John Hope

Personal information
- Full name: John William March Hope
- Date of birth: 30 March 1949
- Place of birth: Shildon, England
- Date of death: 18 July 2016 (aged 67)
- Position: Goalkeeper

Youth career
- –: Darlington

Senior career*
- Years: Team / Apps / (Gls)
- 1967–1969: Darlington / 14 / (0)
- 1969–1971: Newcastle United / 1 / (0)
- 1971–1975: Sheffield United / 63 / (0)
- 1975–1976: Hartlepool United / 23 / (0)
- 1976–19??: Whitby Town

= John Hope (footballer) =

English footballer

John William March Hope (30 March 1949 – 18 July 2016) was an English footballer who made 101 appearances in the Football League playing as a goalkeeper for Darlington, Newcastle United, Sheffield United and Hartlepool United. He also played non-league football for Whitby Town.

==Life and career==
Hope was born in Shildon, County Durham. After leaving school, he worked for six months as a welder before beginning his football career as an apprentice with Fourth Division club Darlington. After 14 league matches, Hope joined First Division club Newcastle United in March 1969 for an £8,000 fee. Because of the form and fitness of Iam McFaul, Hope made only one appearance in a little under two years with the club. With McFaul on international duty, Hope kept goal in a 1–0 defeat away to Manchester City on 5 May 1969. As an unused substitute, he was part of the Newcastle squad that won the 1968–69 Fairs Cup. Hope did come close to a second appearance, in January 1970 when McFaul was unwell before a Fairs Cup fixture, but the latter recovered in time to play.

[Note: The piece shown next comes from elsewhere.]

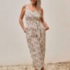 Siéntete elegante y sofisticada con este mono de lino largo con estampado selva beige.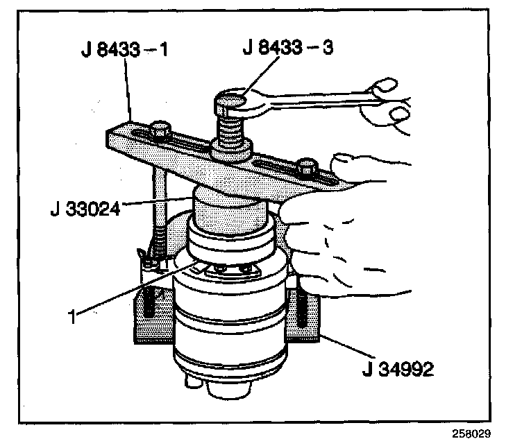 7. Turn the center forcing screw of the J 8433-1 in order to force the clutch coil onto the front head. Ensure that the clutch coil and the d 33024 remain aligned during installation.

In January 1971, Sheffield United exchanged striker John Tudor for Hope and forward David Ford. Hope went straight into the starting eleven, replacing former England international goalkeeper Alan Hodgkinson. Of his home debut, in a 2–1 defeat of Luton Town on 6 February, the Guardians correspondent wrote that he made some fine saves but "had a lot on his plate following the popular and long-serving Hodgkinson". He kept his place as Sheffield United went on to clinch promotion to the First Division at the end of the season, with a run of results that included seven consecutive clean sheets, a club record that stood until beaten by Mark Howard more than 40 years later. According to teammate Tony Currie, Hope "was a top line player who, like everyone else made a couple of mistakes, but because of his position they were highlighted more than the rest of us. John, though, had the heart of a lion. He was one of the bravest I've ever seen."

After Peter Shilton injured a finger, Hope received a late call-up to the England under-23 squad for a January 1972 fixture against Wales, but Phil Parkes, originally selected as substitute for Shilton, played in the match. Despite a poor performance in a 5–0 home defeat by Arsenal at the end of the month, coinciding with unfounded rumours about his lifestyle, Hope was in Sheffield United's team for the next League match, a 3–3 draw with Manchester City, and received a second call-up to the U23 squad, again as understudy to Parkes with Shilton injured. He kept the starting place for most of that season, but played relatively little thereafter. In January 1975, the Daily Mirror reported that Hope had been available on a free transfer for three months, no offers had come in for him, and although he would be willing to play part-time in order to remain in football, he was intending to give up the game and resume working as a welder. He spent the 1975–76 season with Hartlepool United in the Fourth Division, and then moved into non-league football with Whitby Town.

Hope had two sons who became professional footballers, both of whom played as defenders. Chris made more than 500 Football League appearances for Scunthorpe United and Gillingham, and Richard made more than 350, of which 135 were for Northampton Town and the remainder split between six other clubs. In middle age, Hope was diagnosed with Parkinson's disease.